Still, calm and settled in a small self contained vacuum. Oxygen and hydrogen mix clear, as prisms of light glimmer and glint through the crystal incisions of the vessel. Angled reflections refract and bend the mind’s eye, some things are seen as others are unseen. Droplets of life’s fluid solution cling firm to the sides, not to be wasted, but to rejoin the clarity of the pool at the base or, to find the ultimate destination and create energy and vitality anew.
Shiny burnished blackened wood. Bearing scars to past performances. Rows of yellowed ebony and ivory silently attentive. Open and receptive, anticipating contact. A respected elder, upright angular and awkwardly posed, promising sound echoing, thunderous rousing, vibrating, filling, consuming, transcending the physical form in worship.
The only light spills from a spotlight outside. The small panes have purple around the edges but the middle has been eroded, the opposite of sanding paint off wood.

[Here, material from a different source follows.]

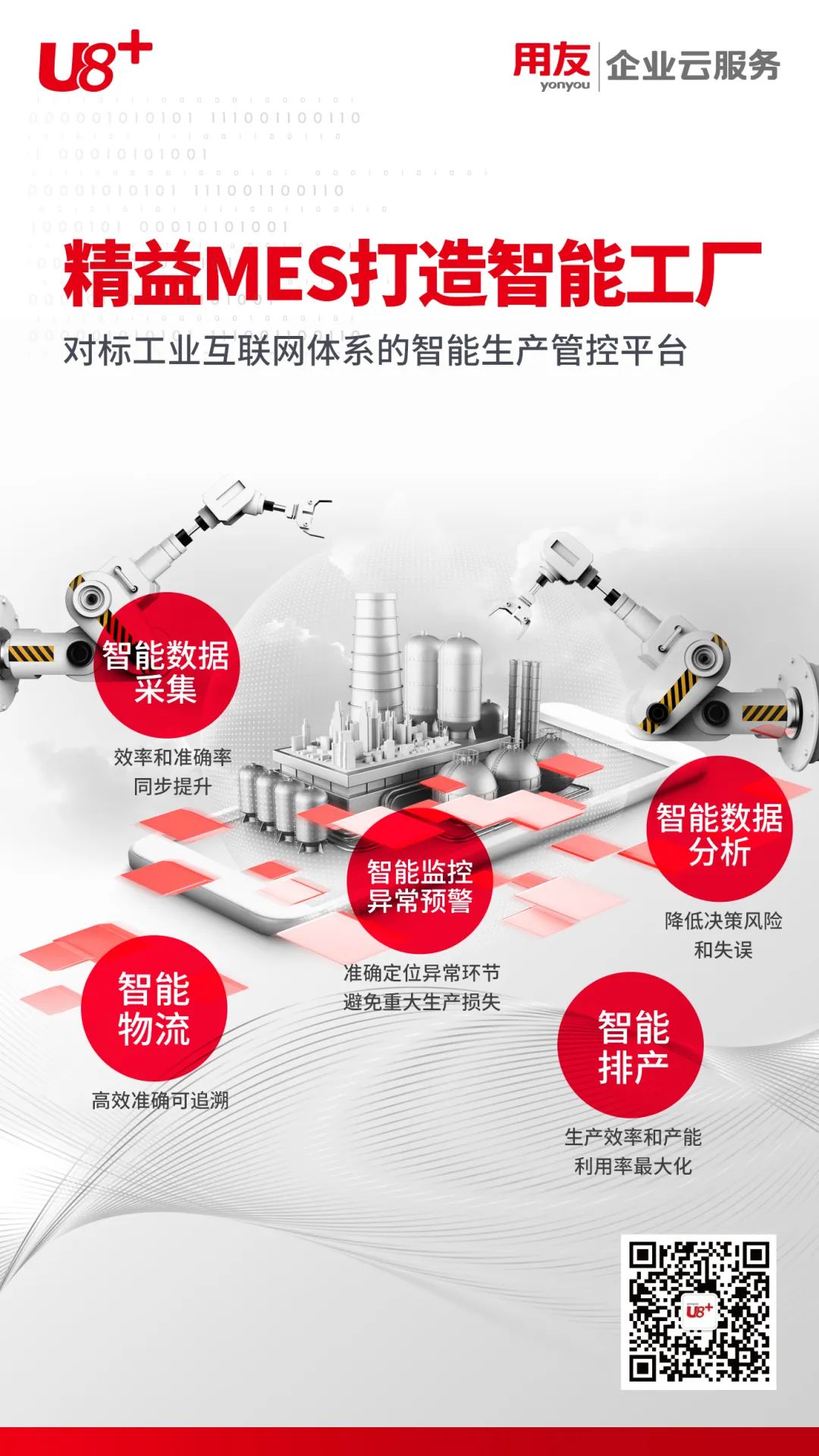 U8+ MES 智能工厂采用最新信息技术和网络技术,并结合JIT精益生产、智能制造管理理念,实现了 ERP数据共享、业务协同、与底层自动化 设备的 PLC/SCADA 等系统打通,MES对车间人、机、料、法、环、质等生产要素进行全面管控,打造数字化生产车间,实现车间生产的全过程可视化管理以及成本核算的精细化管理,打造智能化数字工厂。
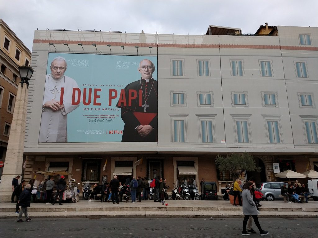Fot. TwitterW bezpośrednim sąsiedztwie Watykanu wielkich rozmiarów plakat reklamuje film „Dwóch papieży”. Trzymetrowej wysokości reklamę filmu „Dwóch papieży” brazylijskiego reżysera Fernando Meirelles`a przedstawiającą głównych bohaterów: Benedykta XVI (w tej roli Anthony Hopkins) oraz Jorge Mario Bergoglio, późniejszego papieża Franciszka (Jonathan Pryce), umieszczono na jednym z budynków na Via Della Conciliazione niedaleko placu św. Piotra. Obok ma swoją siedzibę Sala Stampa, biuro prasowe Stolicy Apostolskiej, w tym samym budynku znajdują się mieszkania kilku kardynałów.

Three paned are etched with a pattern of flowers geometrically arranged with squares with only the corners drawn like a monochrome Islamic tile. Other panes have similar patterns but they are fainter. The window chills when you look up at it all. It has been here much longer than me. Not many people will see it like this - it stands alone through the nights, unconnected to the the other ones, year on year. It is fragile; glass and thin wood. The replaced panes suggest violent moments. But it is strong enough if someone repairs the damage. Someone must look after it from time to time, painting the wood to prevent it from rotting. It stands tall, quiet, cold. But it is ready to let the light through when the sun rises.